I am currently living a better life than I have ever had. But in the sense that the ecumenism's, which so shared the attitudes I have today seems to me to be on the wane, and this time of year, it makes me particularly sad.

But in any case, Elana, thanks for the memory flashback.

Dec 10, 2005

Finding Humans on 800 Lines

Hellerman directs us to Paul English's cheat sheet for navigating through corporate voice processing to actually reaching a human. Hellerman calls it the most useful thing he has found on the web. I think that's only a slight exageration. I for one am tired of hearing how important my call is to people who won't speak to me.

Nov 27, 2005

Question to the World #6

What do you most like about where you live? What could be better?

Nov 25, 2005

Questions to the World #4

I'm going to run with these questions for a while. I believe if enough people join in and answer enough of these questions over a period of time, the results will tell us something about what similarities and differences people have. I almost never ask for links, but if you find this effort interesting, please spread the word, encourage others to come. I want diversity in every way that wird is used. Question #4 What or who do you trust?

Nov 22, 2005

Questions to the World #1

We bloggers love to tell the world what we think.  Collectively, we are sort of this humungous global op ed page, with opinions spilling into all sorts of stuff. It dawned on me that it might be interesting to turn it around and ask the world what it thinks.

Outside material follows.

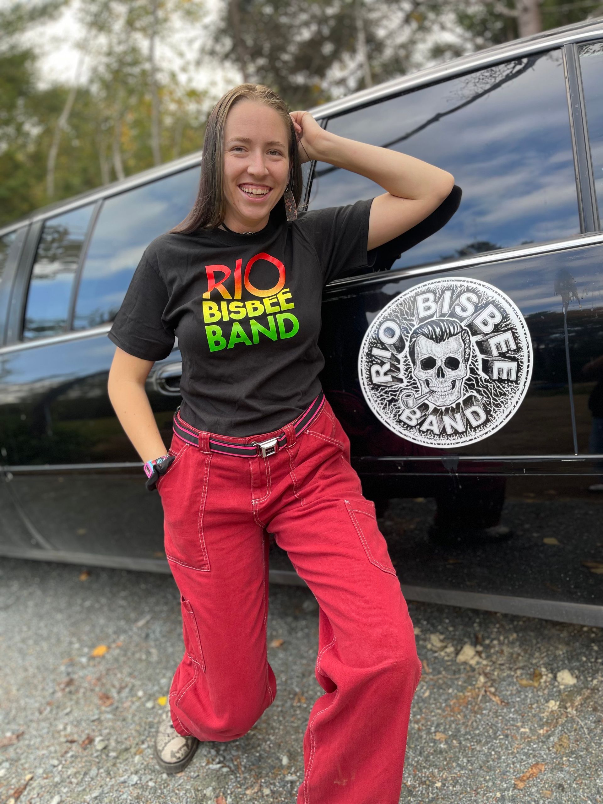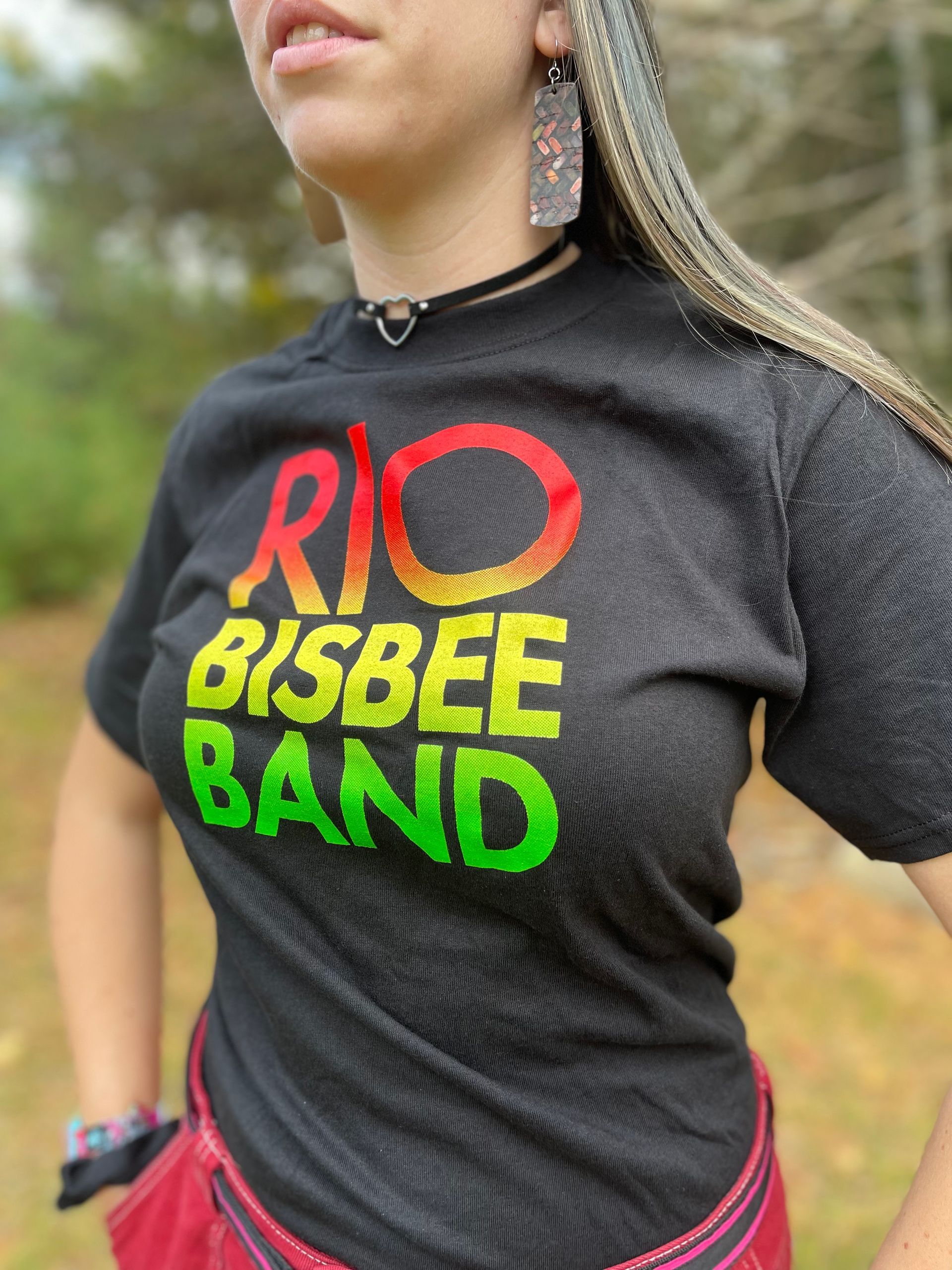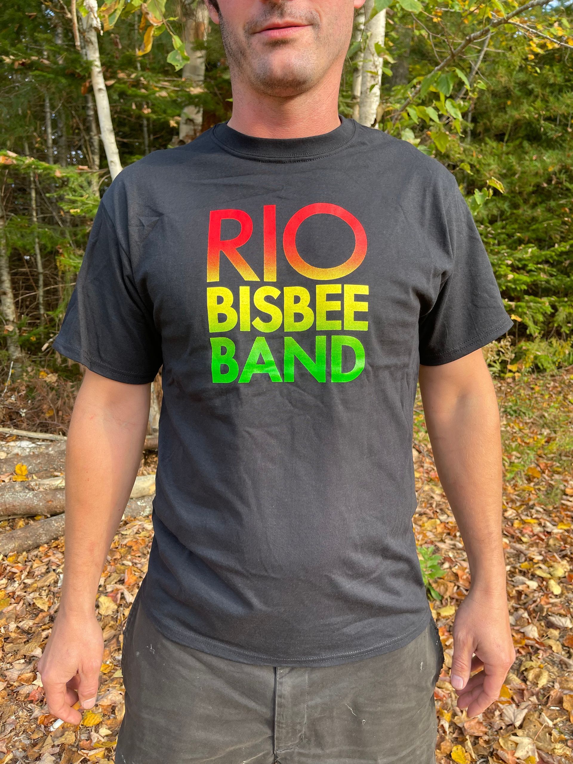 Rio Bisbee apparel - all cotton Ts and sweats with band slogan SMLXLXXL Black White Green Red Purple

So, I'm going to start asking open-ended questions, one at a time. I am not going to enter my thoughts.  I am not going to comment on yours. You can tell us as much or as little about yourself as you wish, so long as you do not respond anonymously or in excessively bad taste. Your comments will endure in the blogosphere from this point forward.

Over time, I hope to have some very lengthy commentary.  I haven't a clue what it will prove or disclose--but here goes with my first question to the world:

From where you are, what do you think the world will look like ten years from today?